For both the internal implementations of RthOrderPValueOrthoT and peta error trapping is present to return a NA. It is not fully known whether the integral appears divergent when pt() (probability of the t-distribution) reaches an end point in apparent accuracy or not—although, this is suspected. For this package, a suppressWarnings() has been wrapped around the call to pt() in peta as well as in one other computation that at least in small samples can result in a square root of a negative number (see Note under peta).

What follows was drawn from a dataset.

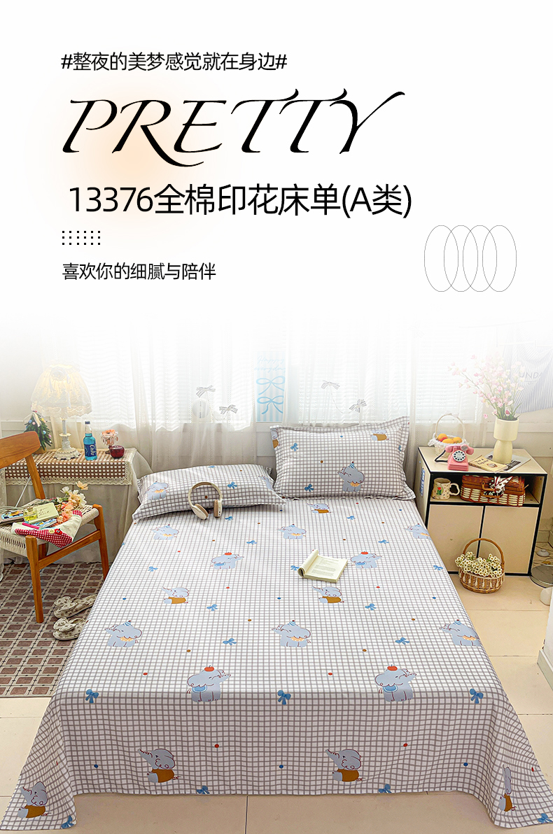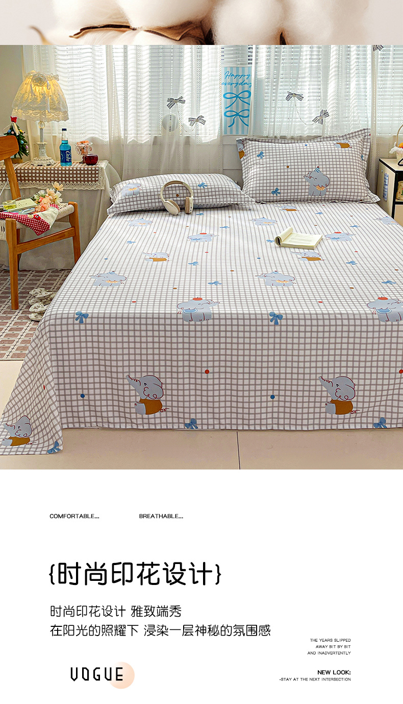 商品名称:大柏树 2026新款全棉纯棉13376印花单床单单品床单床单单件 活力小象

There is another error to trap for this package. If all the data values are identical, a low-outlier threshold set at that value leaks back. This is the motivation for a test added by WHA using length(unique(x)) == 1 in the internals of MGBTcohn2016, MGBTcohn2013, and MGBTnb.

A known warning message might be seen at least in microsamples:

   MGBT(c( 1, 26300))       # throws    warnings, zero is the threshold
     # In EMS(n, r, qmin) : value out of range in 'lgamma'
   MGBT(c( 1, 26300, 2600)) # throws no warnings, zero is the threshold

The author wraps a suppressWarnings() on the line in EMS requiring lgamma(). This warning appears restricted to nearly a degenerate situation anyway and failure will result in peta and therein the situation results in a p-value of unity and hence no risk of identifying a threshold.

Regarding n=length(x) for MGBTcohn2011, it is not clear whether TAC intended n to be not equal to the sample size. TAC chose to not determine the length of x internally to the function but to have it available as an argument. Also BLlo and RSlo were designed similarly.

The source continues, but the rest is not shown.